Essentially, COA holds that it is “undisputed” the final hearing was timely, the commitment order had not yet expired, and the circuit court did not receive new evidence but merely made new findings based on the evidence already adduced at the final hearing. (¶11). It claims that A.L.H.’s arguments are unsupported by controlling case law, and specifically finds that two unpublished cases seemingly supporting her reading are unpersuasive.(¶¶15-16).

COA further holds that the actions of the circuit court are impliedly authorized by the 809.30 procedure, which is designed to allow circuit courts to correct errors during postdisposition proceedings. (¶20). It therefore draws a distinction between receiving new evidence (which it believes to be impliedly disapproved of by 809.30’s rule that sufficiency challenges do not need to be made in the circuit court) and making new findings, based on already-existing record evidence. (Id.). While it leaves open the possibility that there are some circuit court actions which may cross the line, it holds that the court’s actions in this case were appropriate and authorized by law. (¶21).

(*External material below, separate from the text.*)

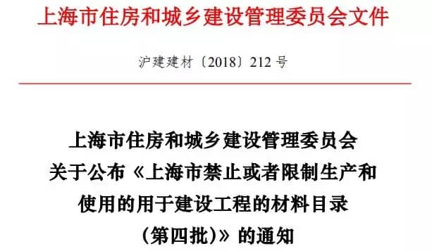 根据《上海市建设工程材料管理条例》的有关规定,并经上海市人民政府批准,现公布《上海市禁止或者限制生产和使用的用于建设工程的材料目录(第四批)》,2018年5月1日前未通过施工图设计文件审查备案的相关项目,均应当严格执行。特此通知。

To say that A.L.H. has a strong petition for review is a bit of an understatement. Essentially, COA reaches the result here by virtue of how it interprets SCOW’s decision in M.R.M. There, SCOW was asked to address whether it could remand for a new extension hearing after the appellant’s request for a jury trial had been unlawfully rejected. SCOW clarified that the competency question in that circumstance did not focus on whether  there was time remaining on the existing extension order being challenged on appeal. Instead, it concluded that competency needed to be assessed from the perspective of the preceding order and unambiguously held that “the failure to enter a lawful extension order before the preceding order expires results in a loss of competency.” In other words, a court which “enters an unlawful extension order— by wrongfully denying a timely jury demand, for example—has not complied with” the statutory requirements governing the timing of such an order.

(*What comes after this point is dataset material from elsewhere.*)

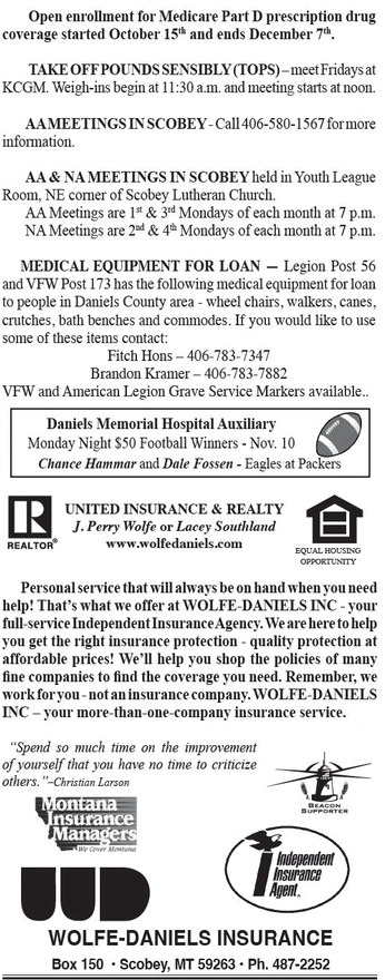 Open enrollment for Medicare Part D prescription drug coverage started October 15th and ends December 7th. TAKEOFFPOUNDSSENSIBLY(TOPS)– meet Fridays at KCGM. Weigh-ins begin at 11:30 a.m. and meeting starts at noon. AAMEETINGSINSCOBEY- Call 406-580-1567 for more information. AA& NAMEETINGS IN SCOBEY held in Youth League Room, NE corner of Scobey Lutheran Church. AA Meetings are 1st & 3rd Mondays of each month at 7 p.m. NA Meetings are 2nd & 4th Mondays of each month at 7 p.m. MEDICAL EQUIPMENT FOR LOAN — Legion Post 56 and VFW Post 173 has the following medical equipment for loan to people in Daniels County area - wheel chairs, walkers, canes, crutches, bath benches and commodes. If you would like to use some of these items contact: Fitch Hons – 406-783-7347 Brandon Kramer – 406-783-7882 VFW and American Legion Grave Service Markers available.. Daniels Memorial Hospital Auxiliary Monday Night $50 Football Winners - Nov. 10 Chance Hammar and Dale Fossen - Eagles at Packers UNITED INSURANCE & REALTY J. Perry Wolfe or Lacey Southland www.wolfedaniels.com EQUAL HOUSING OPPORTUNITY Personal service that will always be on hand when you need help! That’s what we offer at WOLFE-DANIELS INC - your full-service Independent InsuranceAgency.Weare hereto help you get the right insurance protection - quality protection at affordable prices! We’ll help you shop the policies of many fine companies to find the coverage you need. Remember, we workforyou-notaninsurancecompany.WOLFE-DANIELS INC – your more-than-one-company insurance service. “Spend so much time on the improvement of yourself that you have no time to criticize others.”–Christian Larson WOLFE-DANIELS INSURANCE Box 150 • Scobey, MT 59263 • Ph. 487-2252 Open enrollment for Medicare Part D prescription drug coverage started October 15th and ends December 7th. TAKEOFFPOUNDSSENSIBLY(TOPS)– meet Fridays at KCGM. Weigh-ins begin at 11:30 a.m. and meeting starts at noon. AAMEETINGSINSCOBEY- Call 406-580-1567 for more information. AA& NAMEETINGS IN SCOBEY held in Youth League Room, NE corner of Scobey Lutheran Church. AA Meetings are 1st & 3rd Mondays of each month at 7 p.m. NA Meetings are 2nd & 4th Mondays of each month at 7 p.m. MEDICAL EQUIPMENT FOR LOAN — Legion Post 56 and VFW Post 173 has the following medical equipment for loan to people in Daniels County area - wheel chairs, walkers, canes, crutches, bath benches and commodes. If you would like to use some of these items contact: Fitch Hons – 406-783-7347 Brandon Kramer – 406-783-7882 VFW and American Legion Grave Service Markers available.. Daniels Memorial Hospital Auxiliary Monday Night $50 Football Winners - Nov. 10 Chance Hammar and Dale Fossen - Eagles at Packers UNITED INSURANCE & REALTY J. Perry Wolfe or Lacey Southland www.wolfedaniels.com EQUAL HOUSING OPPORTUNITY Personal service that will always be on hand when you need help! That’s what we offer at WOLFE-DANIELS INC - your full-service Independent InsuranceAgency.Weare hereto help you get the right insurance protection - quality protection at affordable prices! We’ll help you shop the policies of many fine companies to find the coverage you need. Remember, we workforyou-notaninsurancecompany.WOLFE-DANIELS INC – your more-than-one-company insurance service. “Spend so much time on the improvement of yourself that you have no time to criticize others.”–Christian Larson WOLFE-DANIELS INSURANCE Box 150 • Scobey, MT 59263 • Ph. 487-2252

Thus, in M.R.M.’s case, the circuit court’s duty to timely hold a final hearing was not tolled by the legally defective proceedings; essentially, a finding that the extension order was legally defective had the same impact as if no extension order had been entered at all–meaning the court was clearly without competency to hold a “new” hearing outside those statutory deadlines.

Here, aside from the legal wrinkle that this is an original order, A.L.H. essentially loses for the unstated reason that COA is choosing to view a D.J.W. violation as materially different from an erroneously denied jury demand; if the two violations were on equal legal footing, the same outcome should have occurred here.

As the opinion points out, other decisions of COA have reached an opposite outcome. Moreover, it would appear that this decision once again threatens to undermine the force and effect of D.J.W. as it is difficult to square with the broad pronouncements in that decision regarding the importance of legally correct rulings in order to effectuate due process guarantees and ensure meaningful appellate review.

Long story short, this case seems like SCOW bait and we eagerly await the outcome of A.L.H.’s petition for review!